## Exercise description
When the line containing "Two-Piece Wedding Dress" appears in the data below, begin copying there and stop only after the line containing "Die ersten Resultate".

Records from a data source
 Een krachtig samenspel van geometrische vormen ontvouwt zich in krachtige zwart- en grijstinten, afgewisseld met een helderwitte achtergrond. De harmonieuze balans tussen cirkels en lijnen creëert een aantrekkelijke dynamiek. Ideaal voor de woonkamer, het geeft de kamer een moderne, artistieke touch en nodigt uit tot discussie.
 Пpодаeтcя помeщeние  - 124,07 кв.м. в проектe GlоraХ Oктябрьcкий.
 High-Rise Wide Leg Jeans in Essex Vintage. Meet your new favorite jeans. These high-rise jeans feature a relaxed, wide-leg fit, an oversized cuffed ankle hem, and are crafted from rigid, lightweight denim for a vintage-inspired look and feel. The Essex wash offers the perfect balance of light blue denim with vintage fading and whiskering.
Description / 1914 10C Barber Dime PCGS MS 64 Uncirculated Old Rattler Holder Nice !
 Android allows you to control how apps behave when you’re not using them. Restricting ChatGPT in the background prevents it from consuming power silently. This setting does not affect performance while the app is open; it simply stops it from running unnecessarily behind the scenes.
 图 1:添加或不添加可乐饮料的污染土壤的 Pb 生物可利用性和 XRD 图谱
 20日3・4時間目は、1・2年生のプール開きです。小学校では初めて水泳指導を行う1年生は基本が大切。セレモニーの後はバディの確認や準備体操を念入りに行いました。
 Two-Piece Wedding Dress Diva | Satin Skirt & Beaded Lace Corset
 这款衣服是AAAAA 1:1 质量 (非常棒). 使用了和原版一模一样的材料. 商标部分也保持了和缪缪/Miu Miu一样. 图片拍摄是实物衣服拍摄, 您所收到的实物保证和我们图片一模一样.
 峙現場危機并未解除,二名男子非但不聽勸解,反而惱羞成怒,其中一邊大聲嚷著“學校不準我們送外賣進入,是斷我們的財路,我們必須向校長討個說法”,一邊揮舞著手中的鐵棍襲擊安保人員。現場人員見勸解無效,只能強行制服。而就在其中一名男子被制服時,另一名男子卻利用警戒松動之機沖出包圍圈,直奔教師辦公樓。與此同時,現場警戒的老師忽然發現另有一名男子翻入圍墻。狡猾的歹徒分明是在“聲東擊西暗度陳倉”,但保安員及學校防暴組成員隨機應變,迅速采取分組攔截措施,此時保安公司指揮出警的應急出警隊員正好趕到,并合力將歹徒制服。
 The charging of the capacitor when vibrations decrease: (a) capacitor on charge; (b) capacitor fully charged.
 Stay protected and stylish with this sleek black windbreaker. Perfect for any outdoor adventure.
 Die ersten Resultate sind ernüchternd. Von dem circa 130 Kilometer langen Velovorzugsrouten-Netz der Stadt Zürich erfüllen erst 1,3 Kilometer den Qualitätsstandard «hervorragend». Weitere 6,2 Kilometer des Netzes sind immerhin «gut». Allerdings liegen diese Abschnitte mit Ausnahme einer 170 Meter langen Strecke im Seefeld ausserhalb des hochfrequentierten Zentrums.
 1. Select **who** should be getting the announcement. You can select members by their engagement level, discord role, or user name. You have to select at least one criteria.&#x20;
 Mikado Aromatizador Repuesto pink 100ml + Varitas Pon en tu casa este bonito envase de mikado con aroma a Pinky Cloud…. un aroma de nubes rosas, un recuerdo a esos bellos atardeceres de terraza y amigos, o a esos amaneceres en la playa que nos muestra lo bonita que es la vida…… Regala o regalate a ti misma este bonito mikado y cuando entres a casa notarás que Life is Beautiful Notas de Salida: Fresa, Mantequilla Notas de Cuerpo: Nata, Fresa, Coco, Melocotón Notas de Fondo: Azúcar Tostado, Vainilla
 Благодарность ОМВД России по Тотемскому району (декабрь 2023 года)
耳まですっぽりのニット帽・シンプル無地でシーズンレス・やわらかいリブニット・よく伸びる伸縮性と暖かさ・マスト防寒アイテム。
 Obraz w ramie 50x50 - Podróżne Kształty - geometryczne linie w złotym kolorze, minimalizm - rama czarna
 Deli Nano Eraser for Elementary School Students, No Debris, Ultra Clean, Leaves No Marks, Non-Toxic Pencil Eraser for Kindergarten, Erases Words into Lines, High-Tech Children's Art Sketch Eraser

## Exercise solution
 Two-Piece Wedding Dress Diva | Satin Skirt & Beaded Lace Corset
 这款衣服是AAAAA 1:1 质量 (非常棒). 使用了和原版一模一样的材料. 商标部分也保持了和缪缪/Miu Miu一样. 图片拍摄是实物衣服拍摄, 您所收到的实物保证和我们图片一模一样.
 峙現場危機并未解除,二名男子非但不聽勸解,反而惱羞成怒,其中一邊大聲嚷著“學校不準我們送外賣進入,是斷我們的財路,我們必須向校長討個說法”,一邊揮舞著手中的鐵棍襲擊安保人員。現場人員見勸解無效,只能強行制服。而就在其中一名男子被制服時,另一名男子卻利用警戒松動之機沖出包圍圈,直奔教師辦公樓。與此同時,現場警戒的老師忽然發現另有一名男子翻入圍墻。狡猾的歹徒分明是在“聲東擊西暗度陳倉”,但保安員及學校防暴組成員隨機應變,迅速采取分組攔截措施,此時保安公司指揮出警的應急出警隊員正好趕到,并合力將歹徒制服。
 The charging of the capacitor when vibrations decrease: (a) capacitor on charge; (b) capacitor fully charged.
 Stay protected and stylish with this sleek black windbreaker. Perfect for any outdoor adventure.
 Die ersten Resultate sind ernüchternd. Von dem circa 130 Kilometer langen Velovorzugsrouten-Netz der Stadt Zürich erfüllen erst 1,3 Kilometer den Qualitätsstandard «hervorragend». Weitere 6,2 Kilometer des Netzes sind immerhin «gut». Allerdings liegen diese Abschnitte mit Ausnahme einer 170 Meter langen Strecke im Seefeld ausserhalb des hochfrequentierten Zentrums.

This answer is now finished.